Размер шрифта
-
+

Дорога поэта. Книга о жизни и творчестве - стр. 6

То не снег беловейною грустью
Все березы осыпал подряд.
Это души лебяжьи над Русью
С тихим стоном летят и летят.

Я закрываю книгу со смешанным чувством. Может и правильно, что такие стихи не услышишь по телевизору? Есть два мира, и они не должны пересекаться. Но редкие встречи, как случайный взгляд в зеркало, бывают полезны. У памятника Пушкину меня окликнула знакомая журналистка из съемочной группы ОРТ. Я указала ей на прохожего:

– Смотри: это великий русский поэт!

– Как русский? – не поняла она. – Ты хочешь сказать – «российский»?

Теперь уже я удивилась:

– Разве Пушкин российский, а не русский?

«Слух обо мне пройдет по всей Руси великой, И назовет меня всяк сущий в ней язык…» Язык – русский. Характер – русский. Боль – русская. Ширь – русская. А поэт – российский. Как такое может быть? И финн, и когда-то дикий тунгус, и друг степей калмык сегодня в одном ряду с гордым внуком славян. Отлично понимая, впрочем, на интуитивно-природном уровне разницу. И славно! Страшно представить землю сплошной пустыней. Или нагромождением эскимосских ледников. Или только непроходимой тайгой. Лжемичуринцев разоблачали – рябине не стать дубом. А с человеком, значит, можно делать всё, что угодно?

Мой язык. Моя родина. Моя любовь. До Пушкина – золотая цепь из вечности. После него – богатырская застава, защита – Лермонтов, Некрасов, Блок, Есенин, Павел Васильев. Задумаемся: легко ли им?

Разве я не пил страданий чашу,
Завтра снова ей не пустовать, —
Кто-то должен за Россию нашу
Под прицелом недруга вставать…

***


Но что есть Россия? Что есть родина? И снова я еду – небо высокое-высокое, поля – широкие, леса, лесочки и перелески, деревеньки и кладбищенские оградки. Всё здесь, в приближении к родительскому дому, понятно мне и знакомо, всё по-хорошему волнующе; всё – моё.

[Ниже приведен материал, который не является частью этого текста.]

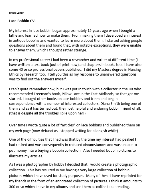 Lemin, Brian. Lace Bobbin CV, 4 pages. Posted December 20, 2010. FIRST PAGE. File size 224KB PDF
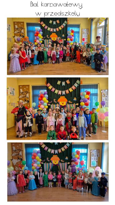 Karnawał to czas balów i tanecznych szaleństw, którym towarzyszy muzyka i zabawa. Dzieci z naszego przedszkola również miały okazję wspólnie zintegrować się na balu. Dla przedszkolaków to dzień szczególny, ponieważ ten czas grupy łączą się w jednej sali, by spędzić ze sobą miłe i przyjemne chwile, a przy okazji poczuć zdrową rywalizację w czasie konkursów, quizów i innych ciekawych zabaw. Dzieci tego dnia miały okazję przebrać się za różne postacie z bajek i nie tylko. Na balu można było spotkać: wróżki, księżniczki, biedronki, rycerzy, policjantów, strażaków i wiele innych postaci. Przedszkolaki świetnie bawiły się w rytm muzyki porywającej do tańca. Bajkowa atmosfera na długo pozostanie w pamięci naszych pociech. Dziękujemy Radzie Rodziców za poczęstunek dla Naszych najmniejszych

И всё-то я знаю наперед: как приеду и накачаю себе во дворе воды в зеленую эмалированную кружку, какие будут разговоры и радости моим гостинцам, и что за новости можно прочесть в местной газетке «За изобилие». Но почему же мне так хочется возвращаться сюда, к привычному, исхоженному, увиденному и перевиденному, к жизни, чей уклад груб и прост; где скука метет по зимним улицам и где нет никакой замысловатости? Почему я так спешу, почти лечу вровень с ветром, и так мне свободно, как бывает иногда в детстве – ни о чем не надо заботиться! – путь твой предопределен, а душа почти спасена… Здесь, напитанная горьким запахом придорожной полыни и лебеды, душа расправляется во весь видимый простор, становится добрее и чернее нашего чернозема.

Мне легко – я еду домой. Мне грустно – я думаю о доме, о России и о будущем.